All three candidates said they opposed vaccine mandates—which Abbott, after months of Huffines’s rabble-rousing, issued executive orders to prohibit. Prather went further and dismissed all discussion of the coronavirus. “Everyone has omicron,” he said. “Look at your neighbor, kiss each other, and get it over with.”
But this was not a competition, strictly speaking, to be provocateur king, and so at the conclusion of the forum, audience members were asked to fill out straw-poll ballots. Rhodes remarked, pointedly, that this process would be “one ballot, one vote.” But as with many alleged Democratic vote-harvesting schemes, the ballots wouldn’t be tallied until much later; the group’s leaders had to travel back home first. (At press time, the results had not been released.) This audience was not a representative sample of the GOP electorate at large, though the attendees were likely primary voters; many came from local GOP groups and were sufficiently up to date on the news cycle to twice boo mentions of Republican congressman Dan Crenshaw of Texas, who recently feuded with congresswoman Marjorie Taylor Greene of Georgia and called for more COVID testing.
The hope, for these folks, is that the trifecta of right-wing challengers will keep Abbott below 50 percent in the March 1 primary, forcing him into a runoff in May. That appears to be a long shot, given that a November poll from the Texas Hispanic Policy Foundation and Rice University’s Baker Institute found 64 percent of likely primary voters backing Abbott, against 13 percent for West, 5 percent for Huffines, and 3 percent for Prather.

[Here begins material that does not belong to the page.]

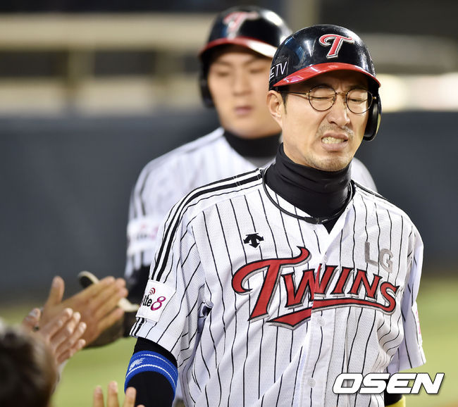 21일 오후 서울 잠실야구장에서 열린 '2015 타이어뱅크 KBO 리그' LG 트윈스와 한화 이글스의 경기, 5회말 2사 주자 만루 LG 이진영의 밀어내기 볼넷 이후 한화 정범모의 실책으로 LG 정성훈이 홈에서 세이프 된 후 오지환과 함께 덕아웃에서 동료들과 하이파이브를 하고 있다.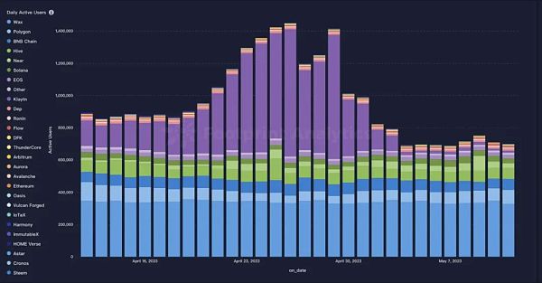 雖然日均活躍用戶數在 4 月 30 日下降至 101 萬,但仍高于月初的水平,表明 4 月 26 日的活躍用戶激增不是一次性事件,而是新用戶在一定程度上得到了高度留存。這次增長對于 GameFi 項目們來說是一個積極的信號。

Outside the auditorium, West yard signs went quickly. A few folks who gathered near Prather’s table told me they supported him because, like Trump, he’s an outsider, and, as one put it, “Abbott sucks.” Others said Huffines’s legislative experience set him apart. As the candidates greeted fans who stuck behind for pictures and autographs, McCarty told me she considered the event a success: “People love to hear the red meat and understand and be able to articulate why Abbott has to go.”
I asked her what would happen if Abbott won the primary. She responded without hesitation: “We all get behind Abbott.”